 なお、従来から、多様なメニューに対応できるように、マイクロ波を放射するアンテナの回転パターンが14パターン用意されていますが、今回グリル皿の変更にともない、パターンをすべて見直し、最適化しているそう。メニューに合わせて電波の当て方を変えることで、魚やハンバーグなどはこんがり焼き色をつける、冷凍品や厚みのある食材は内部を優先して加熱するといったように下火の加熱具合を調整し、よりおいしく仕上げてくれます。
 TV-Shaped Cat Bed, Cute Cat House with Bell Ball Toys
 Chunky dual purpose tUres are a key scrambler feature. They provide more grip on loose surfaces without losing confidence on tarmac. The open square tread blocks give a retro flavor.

...

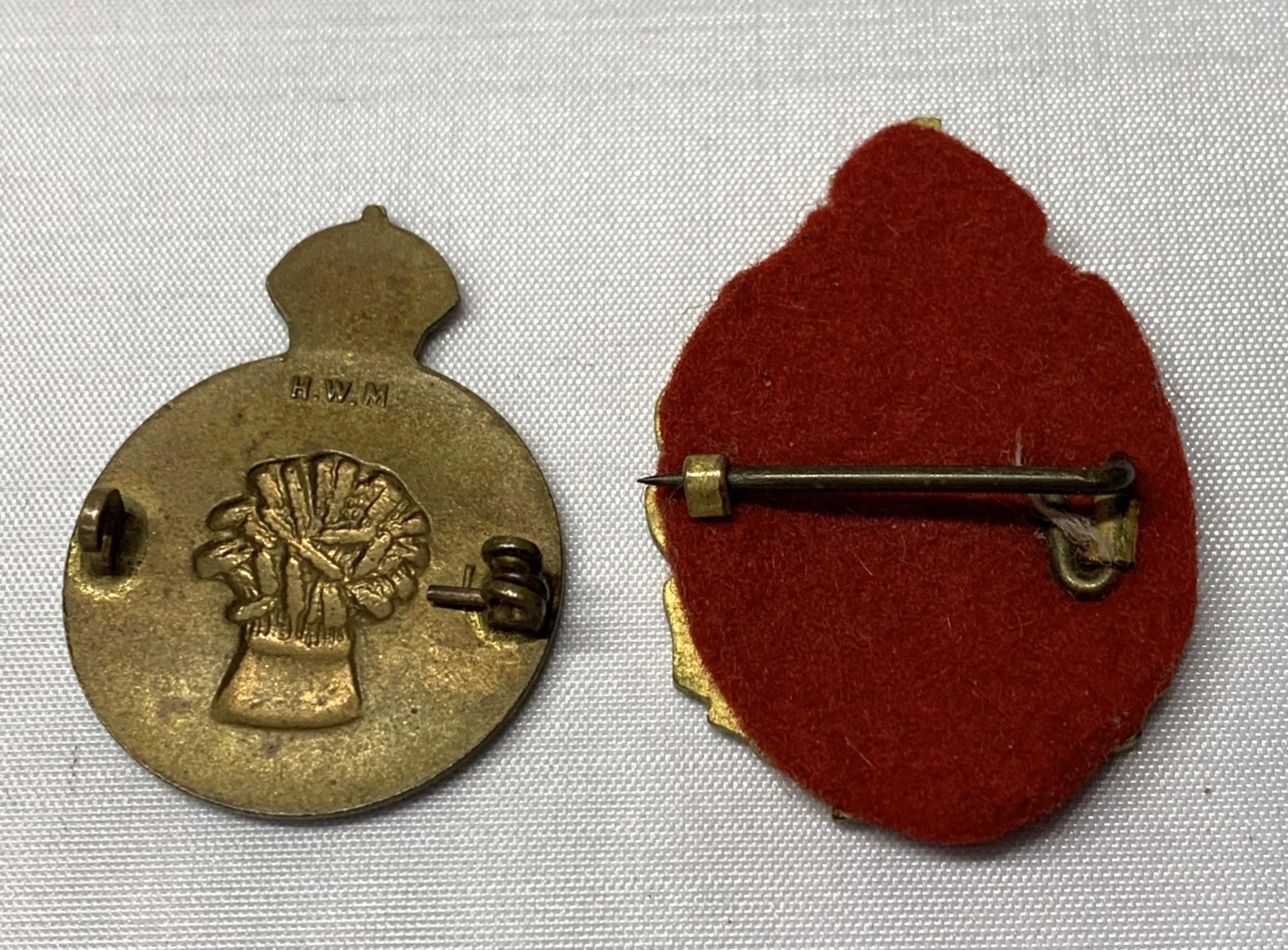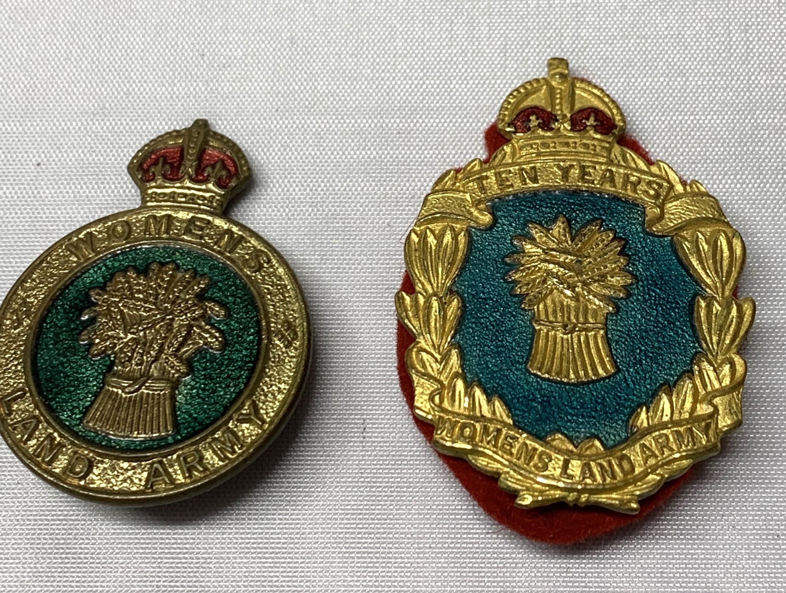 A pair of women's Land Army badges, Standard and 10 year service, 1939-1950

==

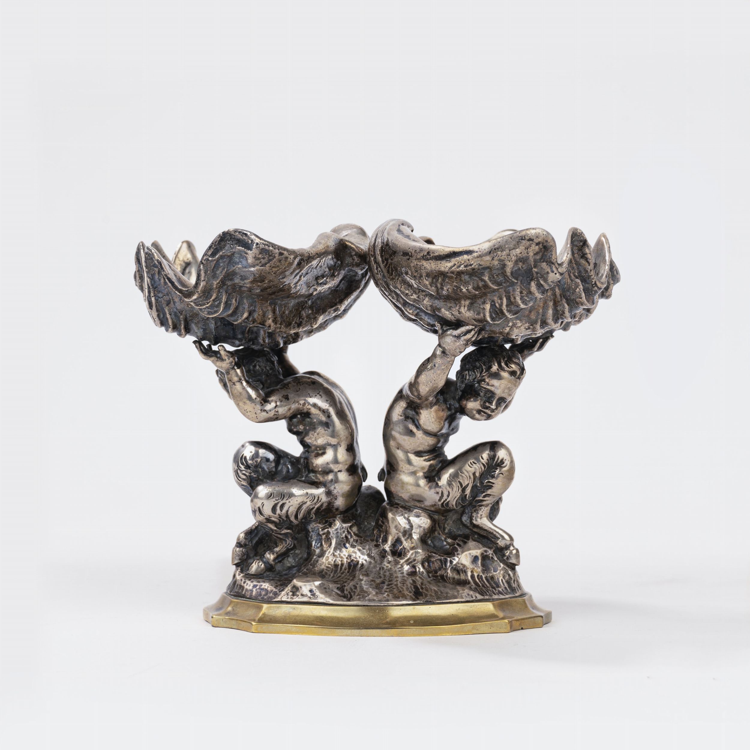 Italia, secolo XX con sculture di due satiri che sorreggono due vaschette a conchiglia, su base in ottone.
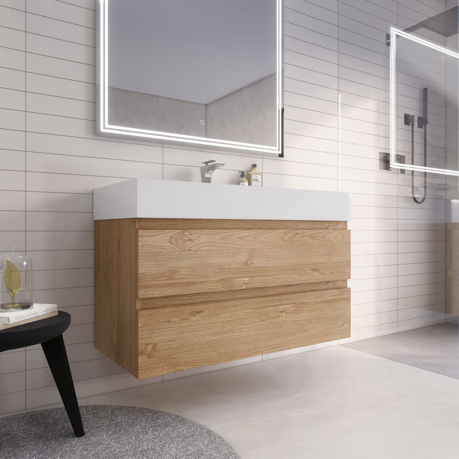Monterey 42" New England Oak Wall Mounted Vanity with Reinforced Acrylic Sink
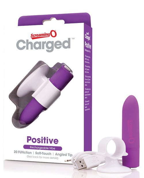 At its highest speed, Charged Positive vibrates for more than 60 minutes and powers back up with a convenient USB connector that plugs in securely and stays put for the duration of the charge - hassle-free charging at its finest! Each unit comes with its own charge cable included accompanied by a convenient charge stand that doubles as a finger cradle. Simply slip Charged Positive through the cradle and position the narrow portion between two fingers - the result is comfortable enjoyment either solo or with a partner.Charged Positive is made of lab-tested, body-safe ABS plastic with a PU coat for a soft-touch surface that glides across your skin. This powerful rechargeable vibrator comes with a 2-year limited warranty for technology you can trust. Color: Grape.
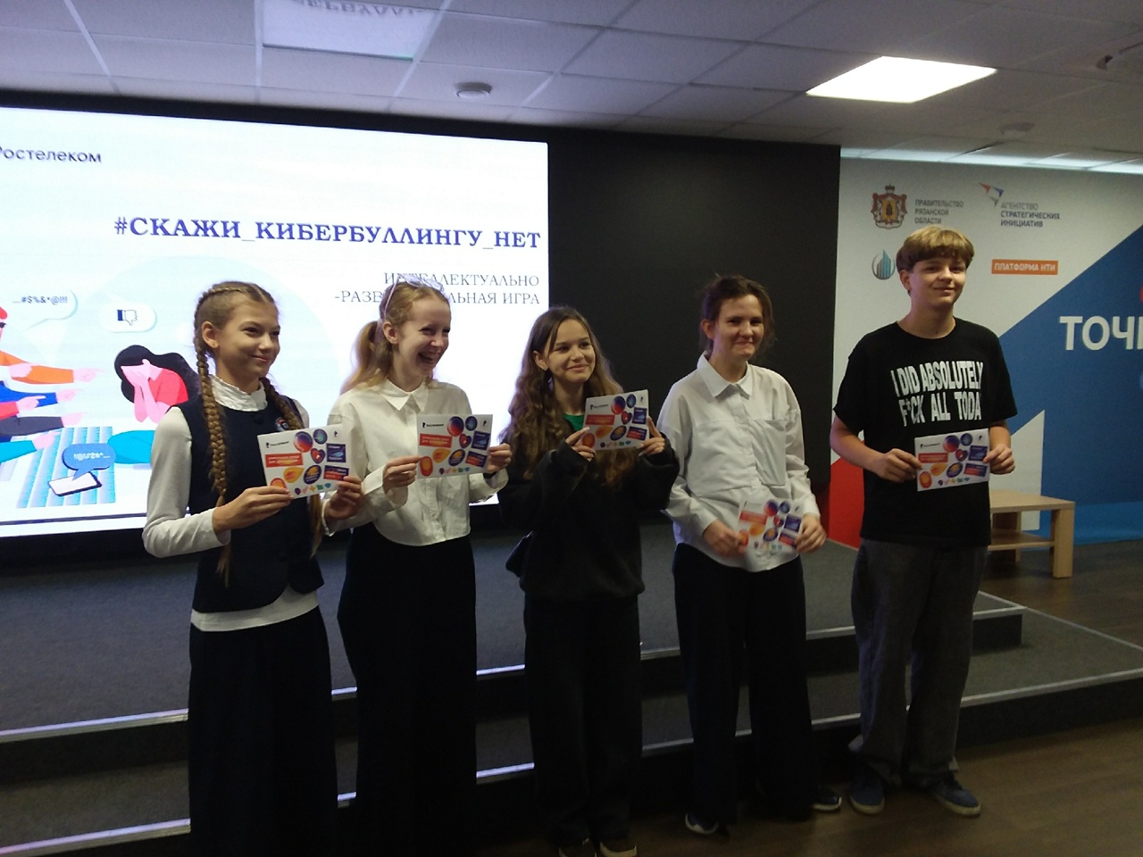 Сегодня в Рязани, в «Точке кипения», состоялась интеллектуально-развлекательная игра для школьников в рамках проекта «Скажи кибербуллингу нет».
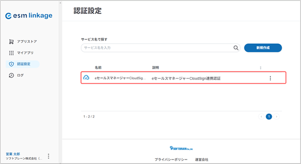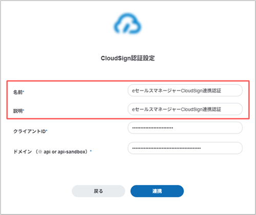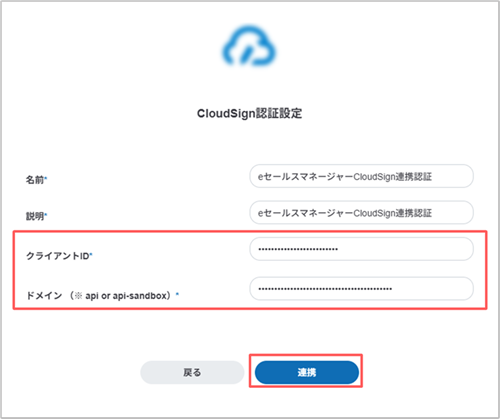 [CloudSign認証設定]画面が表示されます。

### EXERCISE GOAL
In the records above, find the line with "TV-Shaped Cat Bed, Cute"; write out exactly that line and each one after it, stopping after the line with "Chunky dual purpose".

### ANSWER TO THIS PROBLEM
 TV-Shaped Cat Bed, Cute Cat House with Bell Ball Toys
 Chunky dual purpose tUres are a key scrambler feature. They provide more grip on loose surfaces without losing confidence on tarmac. The open square tread blocks give a retro flavor.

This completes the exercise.